What you are asked to do: Print exactly and only the lines that run from the one containing "Good French onion" through the end of the material, please, omitting pictures.

Stored data:
====

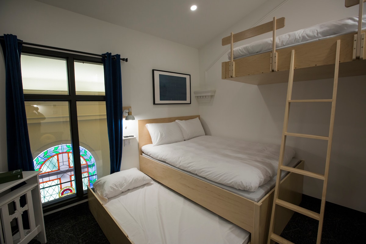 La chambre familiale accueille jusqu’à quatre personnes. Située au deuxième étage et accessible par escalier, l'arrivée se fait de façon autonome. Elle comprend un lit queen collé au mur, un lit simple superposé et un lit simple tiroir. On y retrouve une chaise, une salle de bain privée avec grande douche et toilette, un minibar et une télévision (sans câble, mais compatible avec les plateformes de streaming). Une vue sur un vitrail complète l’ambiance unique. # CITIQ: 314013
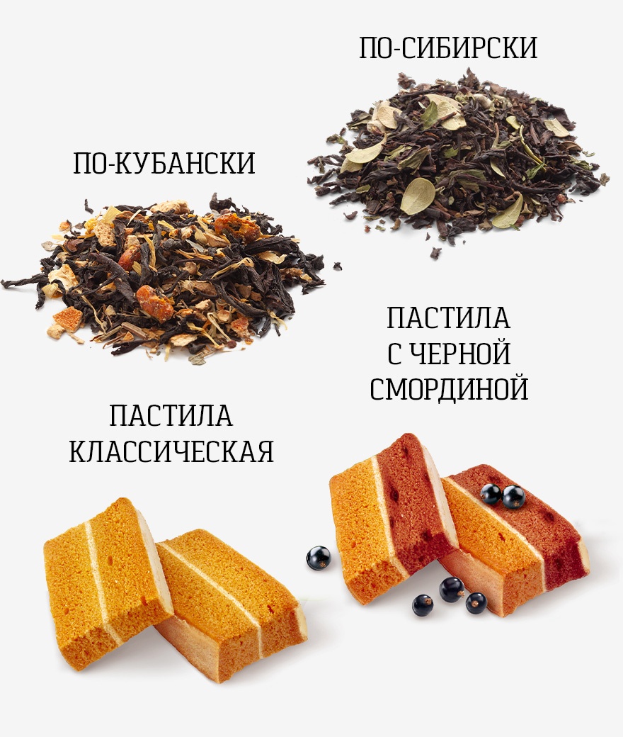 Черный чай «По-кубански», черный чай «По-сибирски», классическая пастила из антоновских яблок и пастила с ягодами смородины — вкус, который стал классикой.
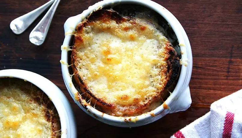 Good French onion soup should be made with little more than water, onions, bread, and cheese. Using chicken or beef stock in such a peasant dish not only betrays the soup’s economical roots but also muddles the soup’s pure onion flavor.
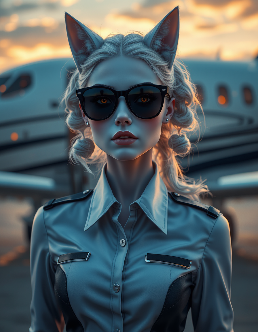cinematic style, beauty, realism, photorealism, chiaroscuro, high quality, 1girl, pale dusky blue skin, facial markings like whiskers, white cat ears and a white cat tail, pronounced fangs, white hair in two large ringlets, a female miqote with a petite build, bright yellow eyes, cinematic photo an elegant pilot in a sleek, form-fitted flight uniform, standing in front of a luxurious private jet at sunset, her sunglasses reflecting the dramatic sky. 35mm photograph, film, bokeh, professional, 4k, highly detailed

====

Response area:
 Good French onion soup should be made with little more than water, onions, bread, and cheese. Using chicken or beef stock in such a peasant dish not only betrays the soup’s economical roots but also muddles the soup’s pure onion flavor.
cinematic style, beauty, realism, photorealism, chiaroscuro, high quality, 1girl, pale dusky blue skin, facial markings like whiskers, white cat ears and a white cat tail, pronounced fangs, white hair in two large ringlets, a female miqote with a petite build, bright yellow eyes, cinematic photo an elegant pilot in a sleek, form-fitted flight uniform, standing in front of a luxurious private jet at sunset, her sunglasses reflecting the dramatic sky. 35mm photograph, film, bokeh, professional, 4k, highly detailed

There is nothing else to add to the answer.